I used a map that uses words from a sentence as its keys and integers as the values.
func WordCount(s string) map[string]int {
var m map[string]int
The way how you change the value of the count
variable has nothing to do with the iteration order of the map elements.
There is no "correct" iteration order, the iteration order can be thought of as random (and in current implementation it is random). Quoting from the language spec: For statements:
The iteration order over maps is not specified and is not guaranteed to be the same from one iteration to the next.
For more on the topic, check out this answer: Why can't Go iterate maps in insertion order?

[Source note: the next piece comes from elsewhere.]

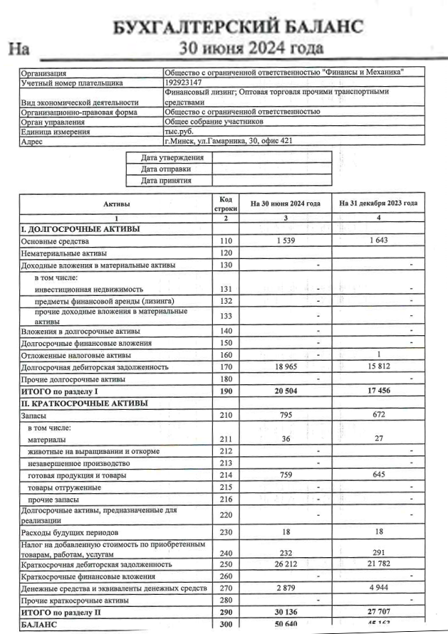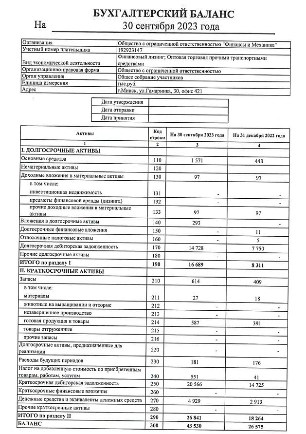 Документы для оценки финансовой устойчивости лизингополучателя

The Go Tour uses the Go Playground to provide a code editor and runner. The Go Playground caches the output of the codes you run on it. Running twice the exact same code will just show you the cached output.

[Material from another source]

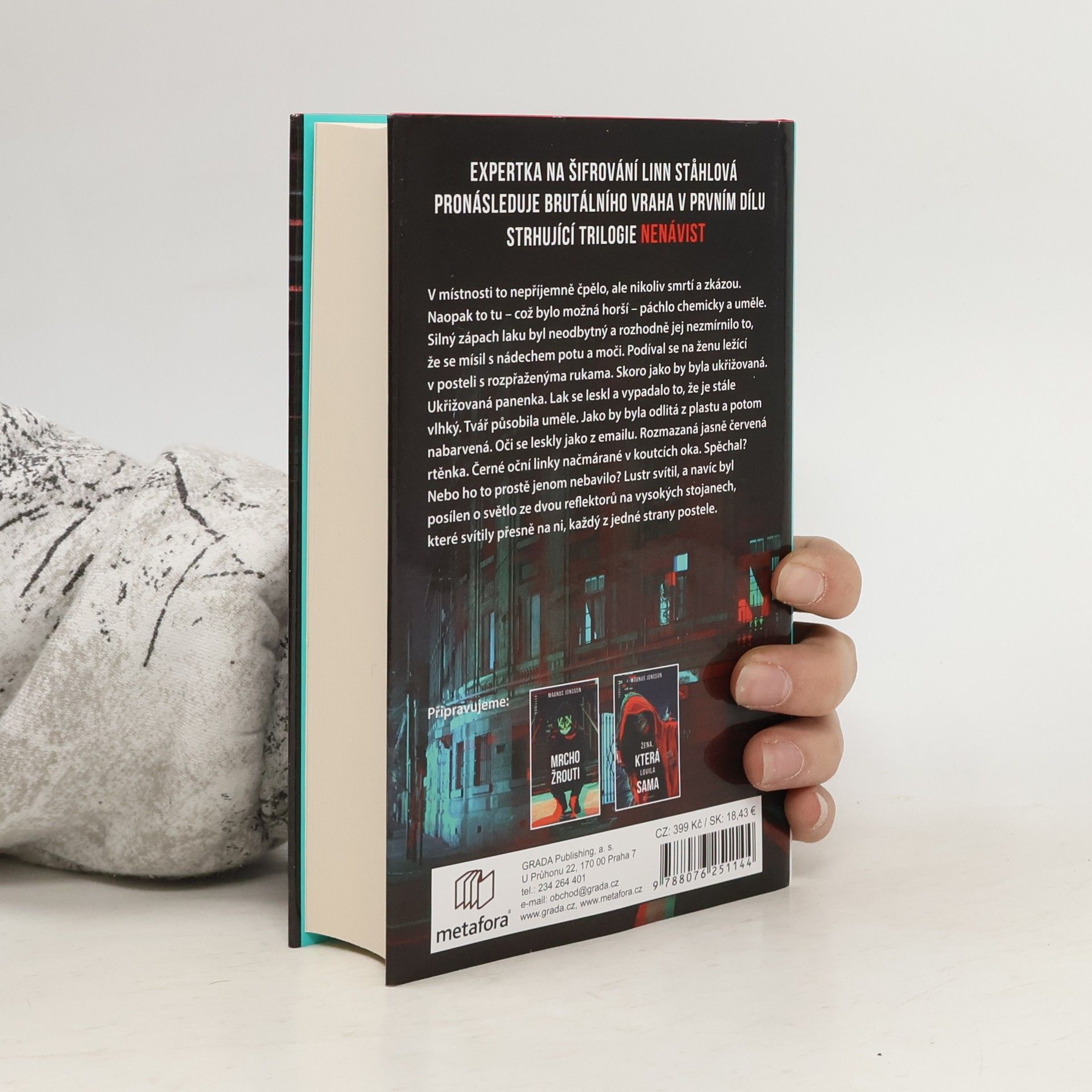 Nenávist se probouzí... Expertka na šifrování Linn Ståhlová pronásleduje brutálního vraha v prvním dílu strhující trilogie NENÁVIST. Ve Stockholmu někdo zabíjí ženy. Těla za sebou zanechává naaranžovaná jako porcelánové panenky. Detektivové Rickard Stenlander a Erik Svensson osloví s žádostí o pomoc při vyšetřování expertku na počítače a kryptologii Linn Ståhlovou. Má to ale háček – Linn je bývalou členkou Antifašistické akce, organizace vedené na černé listině švédské tajné služby, v minulosti byla souzena za zločiny proti národní bezpečnosti a vůči spolupráci s policií proto zaujímá dost skeptický postoj. Hodiny ale tikají, a jestli má nesourodý tým zastavit sériového vraha, musí jít osobní problémy stranou. Zatímco se pátrání naplno rozbíhá, Linniny aktivity upoutají pozornost pravicových extrémistů, kteří mají s Linn z dřívějška nevyřízené účty. Mezi vyšetřovateli roste nedůvěra a podezření, že ne všichni sledují stejný cíl, a minulost dohání Linn způsobem, jakým to nejméně čeká.

If you change your code however, that is "treated" as new code and it will be compiled and ran (and its output will be cached after). And since it is run anew, you may observe a new random order - which you do.
If you change again something in the code, even as insignificant as adding or changing some comment, the output will (may) change again, try it.
For more information on how the Playground is implemented, see blog post Inside the Go Playground.
Quoting the relevant part:
When the front end receives a compilation request it first checks memcache to see if it has cached the results of a previous compilation of that source. If found, it returns the cached response. The cache prevents popular programs such as those on the Go home page from overloading the back ends. If there is no cached response, the front end makes an RPC request to the back end, stores the response in memcache, parses the playback events, and returns a JSON object to the client as the HTTP response (as described above).
Also note that starting with Go 1.12, maps are sorted when printed using the fmt
package (to ease testing), so printing the same map now will always list elements in the same order. The iteration order still remains non-deterministic deliberately.